Key takeaways:
- Credit Suisse’s stock dropped 25% after Saudi National Bank announced it would not be increasing its investments in the company.
- The sell-off was felt across the globe, with the Dow, S&P 500, and Nasdaq Composite dropping by more than 1.4%, and Bank of America’s stock trading 3% lower.
- Saudi National Bank representatives cited regulatory concerns as the reason for their decision not to increase their investments in Credit Suisse.
On Wednesday, Credit Suisse, one of the world’s largest banking giants, saw its stock plunge to a record low after its largest shareholder, Saudi National Bank, announced it would not be increasing its investments in the company. This news caused a sell-off in the markets, with the Dow and S&P 500 both dropping by more than 1.4%, and the Nasdaq Composite dropping 1%.
The Swiss banking giant had already reported its largest annual loss since the 2008 financial crisis in February, a loss of $1.5 billion, after clients pulled out their investments. This news of Saudi National Bank’s decision to not increase their investment further shook the markets, causing Credit Suisse’s stock to drop by 25%.
The sell-off was felt across the globe, with European markets also dropping significantly.

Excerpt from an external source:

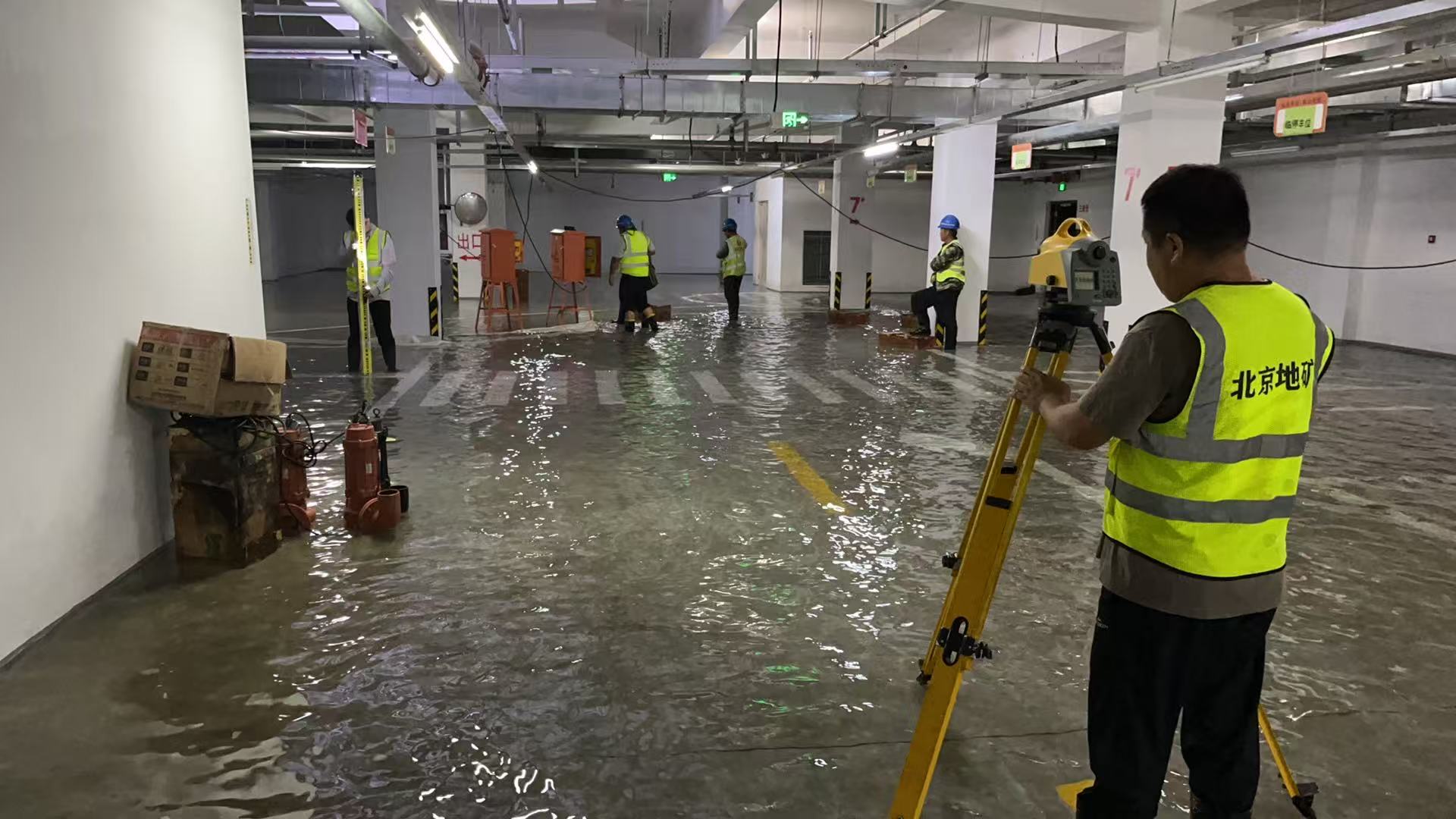 高濕度干擾:涌水導致車庫濕度急劇攀升,水汽與水霧持續附著于水準儀鏡片及機身表面,造成光學視線模糊,電子元件更面臨受潮短路風險;

Bank of America’s stock was trading about 3% lower. Saudi National Bank representatives cited regulatory concerns as the reason for their decision not to increase their investments in Credit Suisse.
The news of Saudi National Bank’s decision to not increase their investments in Credit Suisse has caused a ripple effect in the markets, with stocks dropping significantly across the world. Investors are now watching to see how the markets will react in the coming days, as the banking giant continues to struggle.